BEGIN Data segment
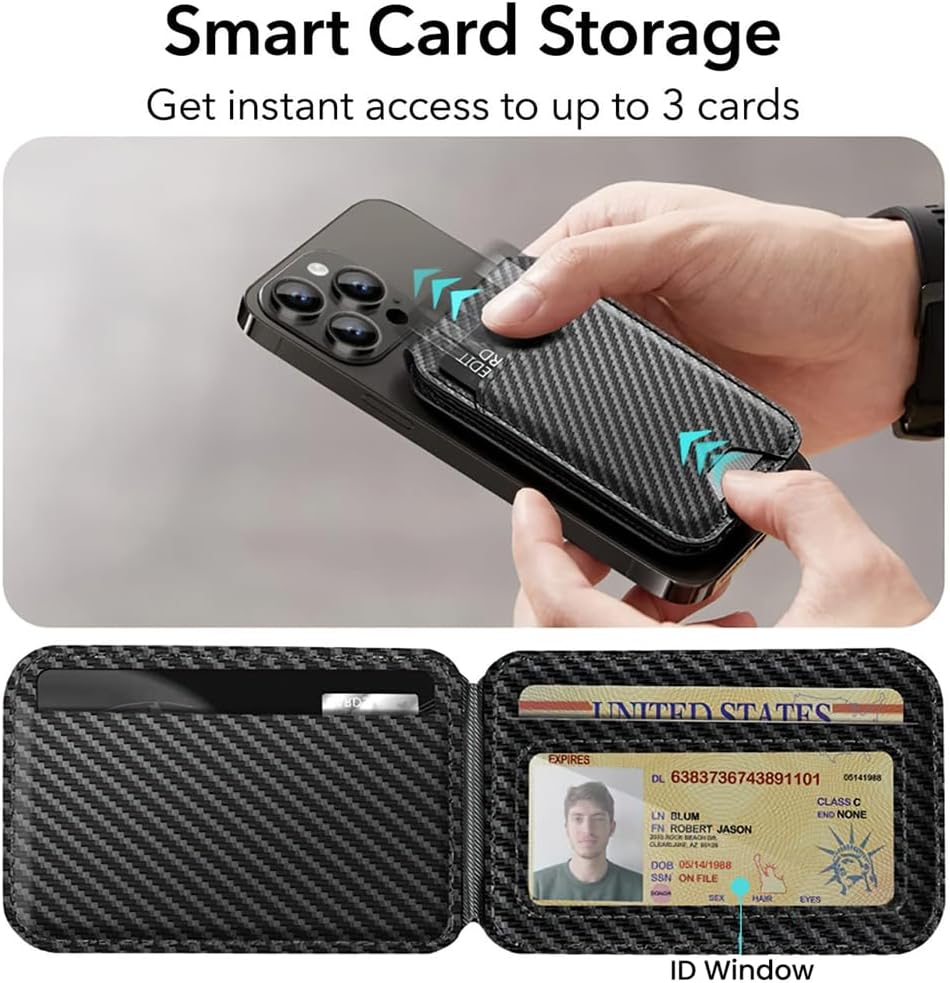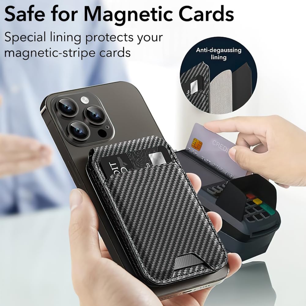 • Versatile Magnetic Wallet: New up-grade of mag-safe wallet is designed for iPhone 17/16/15/14/13/ 12 Series. Functions as a phone wallet and a cell phone stand for a desk. Fits max 6cards and is convenient for when you're checking out or trying to put things up quickly. With a stylish design, and doesn't add any bulk to your phone, which is great if you're looking for a compact way to carry your essentials
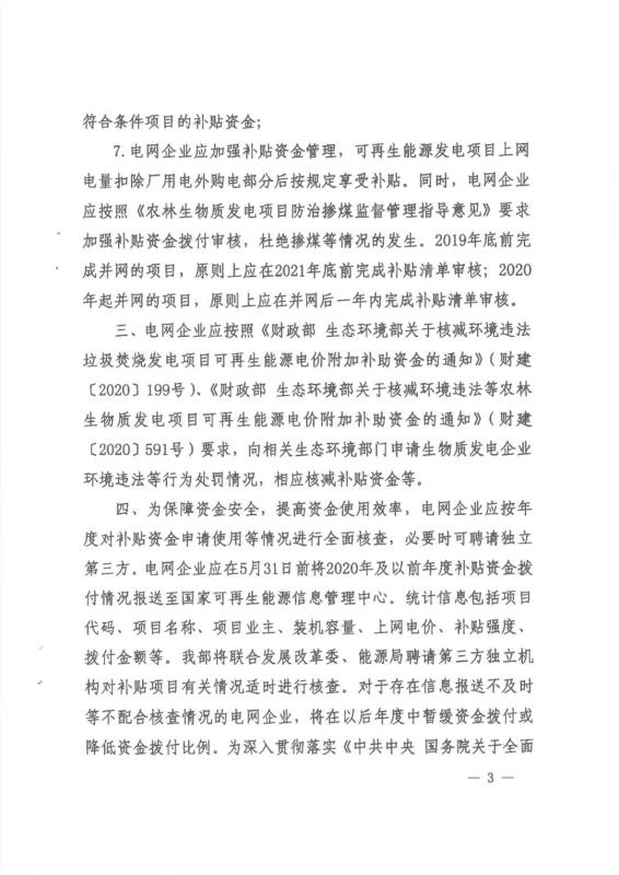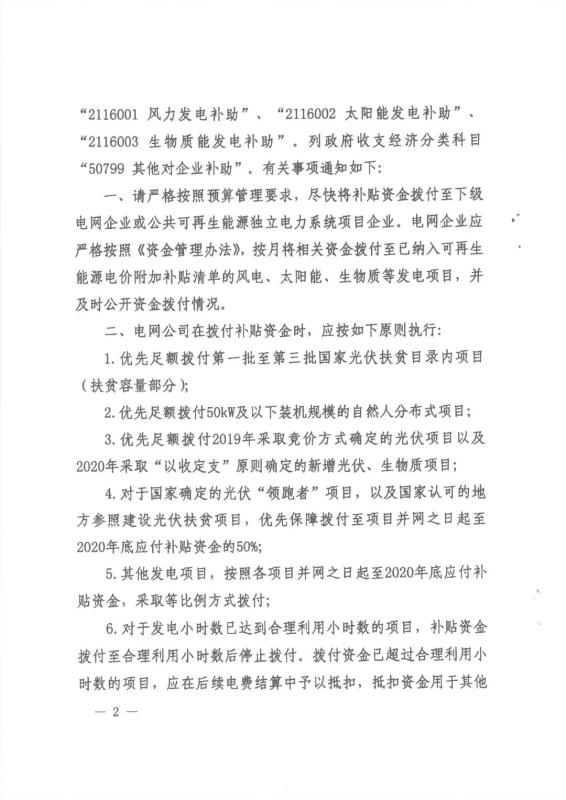 公司嚴(yán)格按照《財(cái)政部關(guān)于下達(dá)2021年可再生能源電價(jià)附加補(bǔ)助資金預(yù)算的通知》(財(cái)資〔2021〕94號(hào))中明確的補(bǔ)貼資金撥付原則和順序,在收到財(cái)政部撥付款項(xiàng)后,對(duì)納入補(bǔ)貼目錄或清單且滿足結(jié)算條件的各類項(xiàng)目進(jìn)行及時(shí)、足額轉(zhuǎn)付。具體原則以各省電力公司公告為準(zhǔn)。
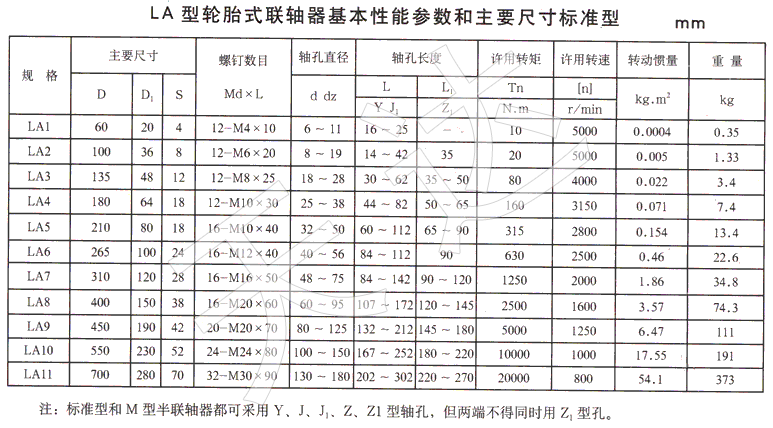 LLA型冶金设备用轮胎式联轴器基本性能参数和主要尺寸
END Data segment
**What you have to do:** The answer should match the data above word for word, with no pictures in it.

**Task solution:**
 • Versatile Magnetic Wallet: New up-grade of mag-safe wallet is designed for iPhone 17/16/15/14/13/ 12 Series. Functions as a phone wallet and a cell phone stand for a desk. Fits max 6cards and is convenient for when you're checking out or trying to put things up quickly. With a stylish design, and doesn't add any bulk to your phone, which is great if you're looking for a compact way to carry your essentials
 公司嚴(yán)格按照《財(cái)政部關(guān)于下達(dá)2021年可再生能源電價(jià)附加補(bǔ)助資金預(yù)算的通知》(財(cái)資〔2021〕94號(hào))中明確的補(bǔ)貼資金撥付原則和順序,在收到財(cái)政部撥付款項(xiàng)后,對(duì)納入補(bǔ)貼目錄或清單且滿足結(jié)算條件的各類項(xiàng)目進(jìn)行及時(shí)、足額轉(zhuǎn)付。具體原則以各省電力公司公告為準(zhǔn)。
 LLA型冶金设备用轮胎式联轴器基本性能参数和主要尺寸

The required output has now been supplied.